EXERCISE INSTRUCTIONS:
Only the lines from the one containing "Brigitte i Emmanuel" to the end of the data below belong in the answer, each repeated exactly; no pictures.

Stored data:
________________

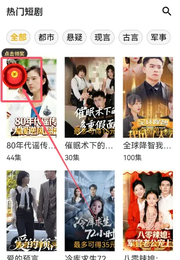 找一个短剧看,这样比较适合消磨时间,然后看中间的红色福袋点一次,看自己的金币有多少,如果金币不到六千就关闭,系统会弹窗广告出来我们稍等5秒左右关闭金币即可直接增长
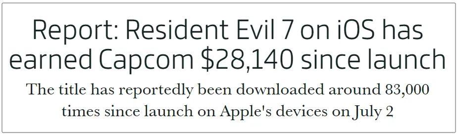 《生化危機7》在iOS平臺發售已經有半個月了,然而其下載量纔剛超過8萬次,付費用戶還不到2000人(需要付費才解鎖全部內容)。卡普空通過IOS版獲得的收入,可能還不足3萬美金。
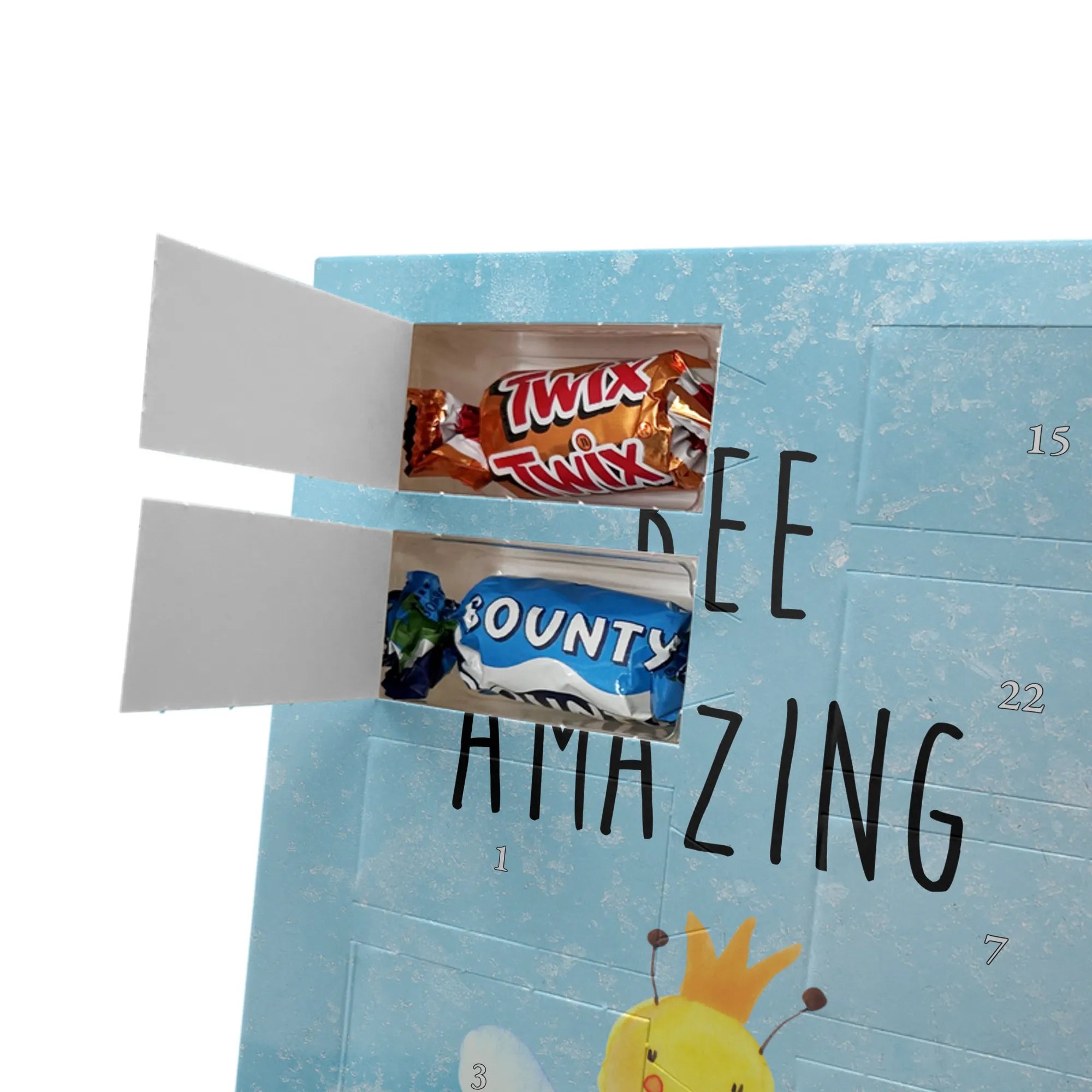 Wunderschöner Personalisierter Schoko Foto Adventskalender von Mr. & Mrs. Panda – perfekt, um die Vorweihnachtszeit mit Liebe und Süßem zu füllen! Dieser Adventskalender ist bedruckt mit liebevollen Motiven und kleinen Sprüchen von Mr. & Mrs. Panda und lässt sich ganz einfach mit deinem eigenen Foto personalisieren. Bitte achte darauf, dass dein Bild eine hohe Auflösung hat, damit das Druckergebnis klar und brillant wird. Wähle den richtigen Bildausschnitt, sodass keine wichtigen Details abgeschnitten werden – wir empfehlen, vorher den Kalender-Rahmen anzusehen, um die Platzierung zu prüfen. Lade nur Fotos hoch, bei denen du die Bildrechte besitzt oder die Erlaubnis zur Nutzung vorliegt, insbesondere wenn Personen darauf zu sehen sind. Die Druckqualität ist brillant mit seidenmatter Oberflächenveredelung, die Seitenflächen sind ebenfalls bedruckt und sorgen für einen stimmigen Look. Maße: 325 mm x 225 mm x 27 mm. Eine besondere Funktion: Du kannst den Kalender entweder aufhängen oder aufstellen – ganz wie du möchtest. Wichtiger Hinweis: Die Fotos werden weder aufbereitet noch zugeschnitten; deshalb ist eine Rücknahme bei personalisierten Foto-Artikeln ausgeschlossen. Der Adventskalender ist gefüllt mit Celebrations Schokolade – 24 hochwertige Celebrations-Füllungen in 8 verschiedenen Sorten (Maltesers, Mars, Snickers, Twix, Milky Way, Bounty, Galaxy, Galaxy Caramel). Ein liebevolles Geschenk, das persönliche Erinnerungen mit süßer Vorfreude vereint und jedem Türchen ein Lächeln schenkt.
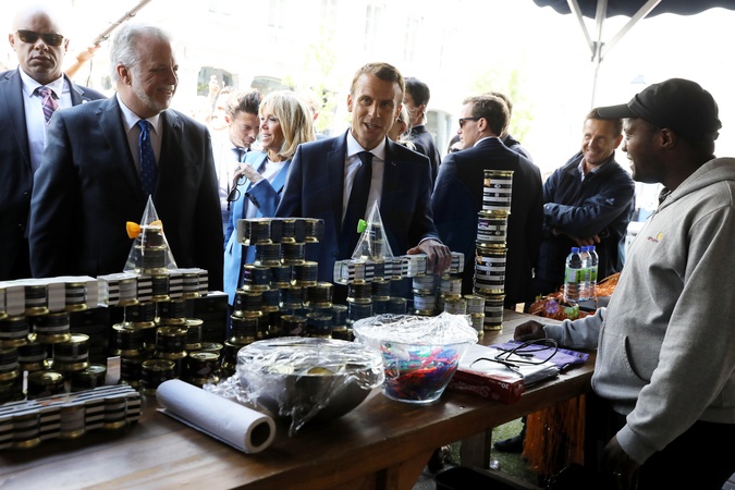 Brigitte i Emmanuel Macron degustuja alkohole w Montrealu
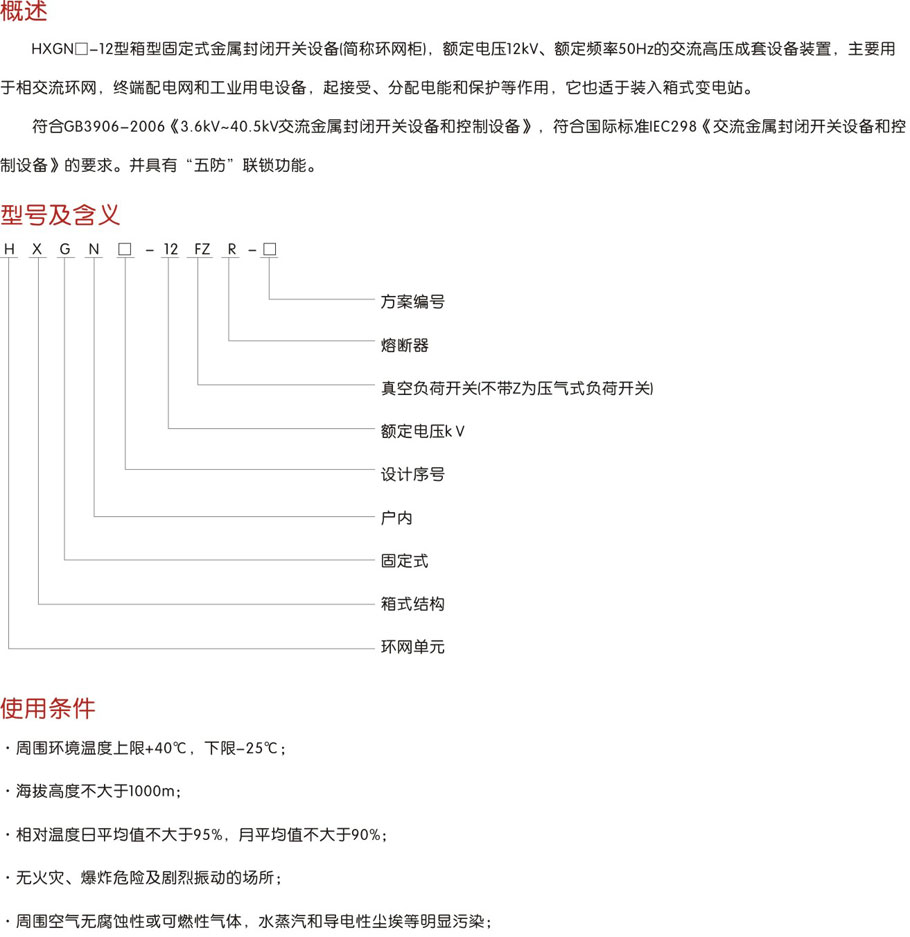 > HXGN□-12箱型固定式交流金属封闭开关设备

________________

OUTPUT OF THE TASK:
 Brigitte i Emmanuel Macron degustuja alkohole w Montrealu
 > HXGN□-12箱型固定式交流金属封闭开关设备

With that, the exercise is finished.